Bringing a River Back to Life

The Kai Tak River near Nga Tsin Wai Village

Wallace Chang still remembers how disgusting the Kai Tak River was when he was a child living near its banks in the 1970s. “The water was in between grey and black and it flowed very slowly, almost stagnant,” he recalls.

That didn’t stop him and his friends from going near. “We didn’t have a playground nearby so we played on the pipes that ran across the river and tried not to fall in. It was a challenge.”
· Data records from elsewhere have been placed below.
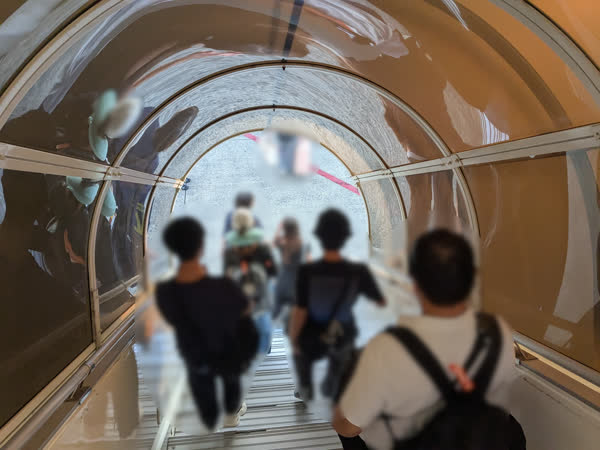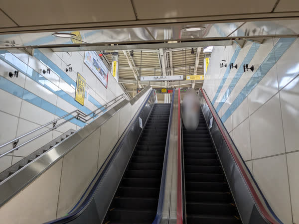 進地鐵站時剛好是早高峰,幸好那站是出來的人很多。日本人真的很守規矩,走道寬度只容納得下兩個人,但他們全都排成一列,空出左邊給下去的人走,明明就只有我一個觀光客在走左邊。排隊隊伍非常長,到地下層大概還排了三五十公尺左右。
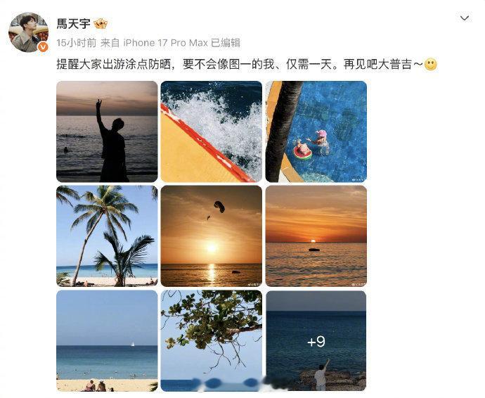 马天宇在普吉岛1天被晒黑 救命,马天宇也太没有包袱了吧! 度假一天喜提“损色儿”,还特意发出来提醒大家注意防晒。虽然黑了几个度,但在粉丝眼里依然是帅气的!这波美黑我给满分!
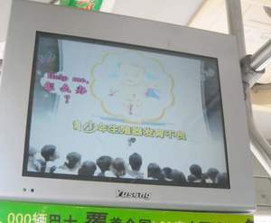 6日上午10時20分,記者在龍昆南路海師大門口處的車站登上了42路公交車。此時,設(shè)在司機后座上方的一個顯示器里,正滾動播出視頻廣告。廣告的內(nèi)容有電影廣告,食品廣告等。
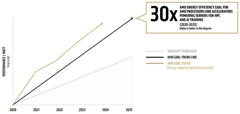 Na blogu firmy AMD opublikowano informacje na temat postępów w realizacji celu „30×25”, czyli wysiłków, aby do 2025 roku 30-krotnie zwiększyć efektywność energetyczną sprzętu AMD napędzającego superkomputery i sztuczną inteligencję. Firma potwierdziła, że jest obecnie na poziomie 28,3-krotnej poprawy w tej dziedzinie w porównaniu do stanu na 2020 rok.
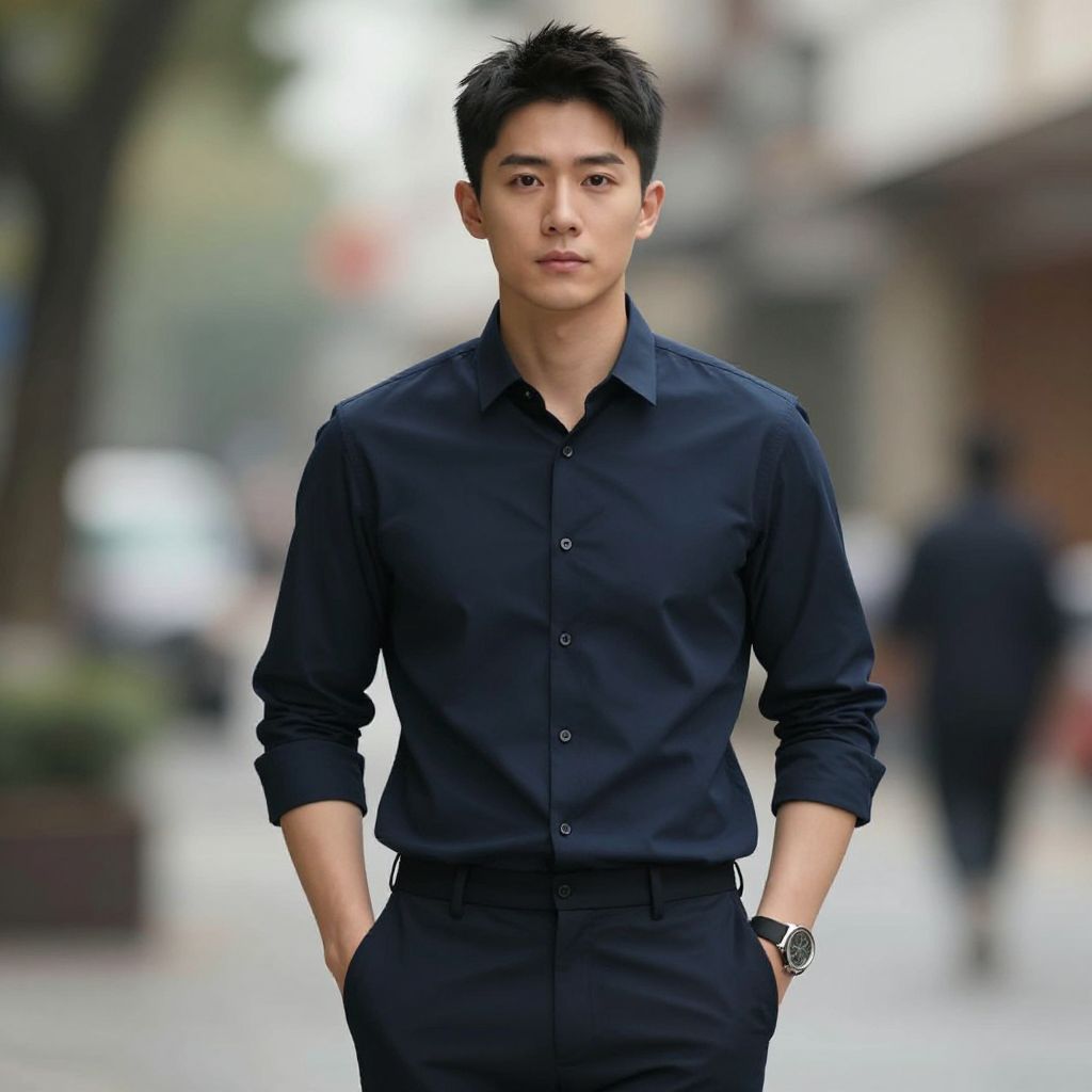 "black formal dress man, 1boy, solo, male focus, facial hair, blurry background, black hair, looking at viewer, realistic, shirt, necktie, blurry, mustache, outdoors, beard, suit, formal, black eyes, asian, upper body, jacket, black jacket, collared shirt, black shirt, short hair, black necktie, from side Realistic photo of casual sexy person with pretty face"

It wasn’t always that way. Originally, the Kai Tak River, which runs from the Kowloon Hills to Victoria Harbour, by way of the old Kai Tak Airport, was a country stream known as the Long Jin River. During World War II, however, the Japanese Army converted it into a 2.4-kilometre drainage canal. As fields gave way to factories and squatter villages in the 1960s and 70s, the river became an open-air sewer as waste was illegally dumped into its water.

By the 1980s, the river was so polluted that passengers arriving at the airport often remarked on the foul smell. According to an old story, the comedian Bob Hope once arrived, stepped off the plane and asked what the horrible stench was. A friend informed him it was sewage. “Yes I know, but what have they done to it?” Hope replied.

Chang never did fall in the river’s foul water. He grew up to become an associate professor of architecture at the Chinese University of Hong Kong. The river changed, too. After the factories along its banks closed in the 1990s and the government cracked down on illegal dumping, the water became significantly cleaner. Fish returned and so did the birds that eat them.